AS Squadron 16, Shadow Hawks,
Cluster Space
0731 hrs, GMT
Something had happened to the red dwarf. That much was clear simply through the Wyvern’s optical inputs. But the effect was not what Lee had been expecting.
Within the past several seconds, the star had visibly grown much brighter. Lee’s radiation sensors were off-line, but she suspected there was a strong UV, X-ray, and gamma component to the brightening as well, enough to give some teeth to that flare of visible light.
The increase in energy was more gradual than it should have been, however. Xul ships appeared now in sharp relief between their sunlit and shadowed surfaces, but their hulls weren’t softening and melting, weren’t boiling away under the assault.
Lee knew from the pre-mission briefings that there was a chance the local star could not be triggered into going nova. Like other typical red dwarfs, the local star was comparatively low-mass—about twenty percent the mass, in this case, of Earth’s sun. In nature, only massive stars could go nova, and traditional novae were thought to occur only in binary star systems, when matter from one star fell into the other. The Euler triggerships, moving within a bubble of sharply warped space, distorted the core of a star as they passed through, inducing a rebound effect, it was thought, that generated an explosion of the star’s core. The question was whether a red dwarf, which could be anywhere from forty percent down to about eight percent of the mass of Earth’s sun, could be physically induced to explode. There’d been talk of testing the theory on a red dwarf within Commonwealth space before actually launching this raid, but the thought of blowing up a star, even a tiny one, simply to test theory had been too much for a majority of the members of the Commonwealth Senate. The request, put through by 1MIEF’s science team, had been denied.

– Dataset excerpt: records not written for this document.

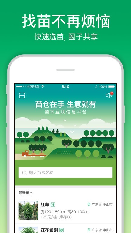 苗仓app将为您提供精准有效的苗木信息服务。全国农企用户共同构建的苗木仓储信息系统,让您体验更为全面、高效、快捷的选苗新方式,这是一个苗木互联信息的新商机!
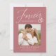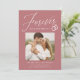 Erfahren Sie mehr über Ihre Verlobung mit diesen Verlobungen aus dem Foto! Die Ankündigungen enthalten die Phrase "Forever hat einen schönen Ring" in einem weißen Kalligraphieskript, das durch eine Abbildung von Hochzeitsringen auf einem staubigen Hintergrund der Rose hervorgehoben wird. Ihr quadratisches Foto wird in der Nähe der Mitte des Designs mit Ihren Namen und weiteren Details angezeigt. Die Ankündigung der modernen Verlobung kehrt zurück, um ein weißes und staubiges geometrisches Design der Rose zu zeigen.
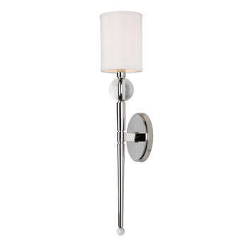 Topped by a soft-white fabric shade, the tapered wand of the Rockland sconce showcases the glamour of shining crystal orbs. While the Polished Nickel finish projects a mirror-like shine, its warm tone complements the shade's soft hue.,Topped by a soft-white fabric shade, the tapered wand of the Rockland sconce showcases the glamour of shining crystal orbs. While the Polished Nickel finish projects a mirror-like shine, its warm tone complements the shade's soft hue.

Still, it should have worked. Red dwarfs were smaller and cooler than other stars on the main sequence, but they were still stars, working fusion magic in the transformation of hydrogen to helium. There was another consideration as well. The Cluster Space sun was not a typical halo star—one of the thin haze of extremely ancient, cool red stars surrounding the Galaxy, but must instead be a straggler from the Galaxy’s spiral arms. Its lone attendant planet proved that much. Stars from inside the Galaxy—Population I stars, as they’d been designated since the 20th Century—possessed heavier elements besides the usual stellar components of hydrogen and helium and therefore could form planetary systems. They were considered to be metal-rich, the word metal in this instance referring to any element heavier than helium whether it was chemically considered to be a metal or not. Population II stars, the halo stars surrounding the Galaxy, were ancient survivals from an earlier galactic epoch; without heavy elements in their make-up, they couldn’t form planets.
The spectrum of the Cluster Space dwarf showed lots of carbon. Likely, Bloodlight possessed a core of carbon, a by-product of stellar fusion that must have been accumulating for tens of billions of years. The MIEF science teams felt that the rebound effect within a carbon core should result in the detonation of a nova—at least a small one—despite the star’s low mass.
Lee watched the star for a full minute, looking through her cockpit’s transparency with her naked eyes, now, rather than using the Wyvern’s electronic feed. Despite the increase in overall brightness, she could look directly into that ruby spark without discomfort, without her helmet’s optics dialing down to preserve her vision.
Possibly what had been triggered was a stellar flare; red dwarfs, especially small ones, often were unstable enough in their radiation output to earn the name flare stars. Such stars—Proxima Centauri, just 4.3 light years from Sol, was such a star—could increase in brightness by as much as two or three hundred percent, in some cases.